Sex on the First Date?


When it comes to the world of dating, women have been liberated from their traditional roles. It’s no longer taboo for a woman to ask a man out or take the “aggressor” role. We just aren’t attached to gender ideals like we used to be, and that is a-okay with me. But, when it comes to the first date, is socially acceptable to sleep together?

There will likely be a lot of people who say an emphatic “no” to this rule. Promiscuity is looked down upon, and many associate the act of sleeping with someone on the first date as a gateway drug to promiscuity. [Obviously], they reason, a man will think you’re slutty if you sleep with them on a first date. As for the man’s side? Well, it’s less taboo for them, I suppose.

As for me, I happen to be on the opposite side. It’s perfectly acceptable to sleep with a guy on the first date--or even before. For those of you who didn’t the Halloween Love Story, I will let you in on a not-so-secret secret of mine: I slept with my husband BEFORE the first date. Yes, it’s true... and I can also tell you this: I am by no means promiscuous.

I always aspired to be, though. Crazy right?

What I mean is that I had always planned for my life to be a romantic one with lots of exotic men who passed through until: BOOM! One magic man would come along and there would be no turning back. About this, I turned out to be very wrong. My number is smaller than 10 and bigger than 5. Nothing to sneer at, but nothing outrageous. It’s pretty tame.

Though I may be no lioness when it comes to multiple men, I was, even at my young age, sure of what I wanted first and foremost in a dating partner: sexual compatibility.
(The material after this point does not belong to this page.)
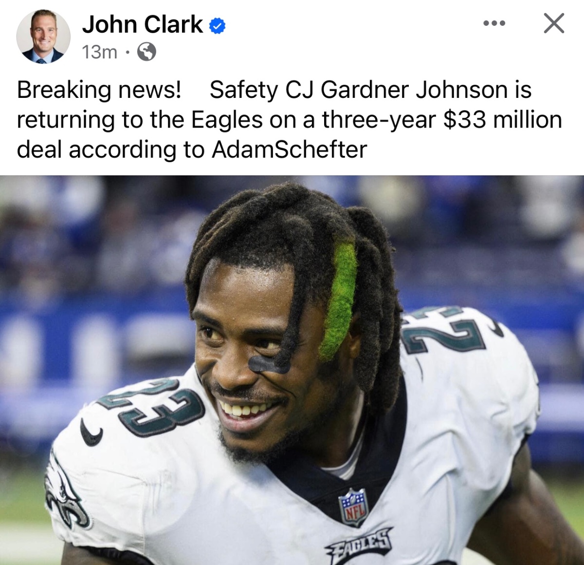 Posted March 12, 20241 yr 3 year deal! Great move! https://www.cbssports.com/fantasy/football/news/eagles-c-j-gardner-johnson-heading-back-to-philly/

This was a lesson that I had learned where sexual liberation began for me: high school. I dated men based on looks, smarts, wanting to break the rules... and then right near the end of high school I dated one guy just for the sex.

Dating for the sex changed things for me because I knew that I didn’t want to ever waste time on bad sex again. Life if just too short. So, when I encountered my future husband (unbeknownst to me) I was ready to get down to brass tax. So sleep with him I did. After a great experience, I was happy to date him, and when I got to know him, of course, I fell hard and fast in love with him.

Maybe I was lucky enough to meet Mr. Right... maybe I am just more into sex than others. I am not advocating that all women go out there and sleep with men before dating them, or that sex alone will hold a relationship together. Certainly you must act i accordance with your own standards. What I am suggesting, though, is that if you are the type of woman who doesn’t want to waste time on a date if there is no “there” there, then you shouldn't feel badly about it.

People want different things in life, and sleeping with someone on the first date isn’t the worst thing in the world. The worst thing in the world is not knowing what you want. If you are comfortable with yourself and your decisions, then you should go for it. Our society has to be able to liberate itself from these ridiculous notions about sex; it’s a natural thing. Of course, always done with a measure of protection... eh-hem.

As for the man who gets the goods on the first date, well, the pressure is on, isn’t it? You better put on the performance of your life if you want to get to that second date because chances are that the lady who’s throwing down on the first night is good at it, too! Sure, you can choose to see a woman like that as “easy,” but if you do, I wonder what that really says about you in the long run...everyone should be secure in their decisions and therefore, unashamed!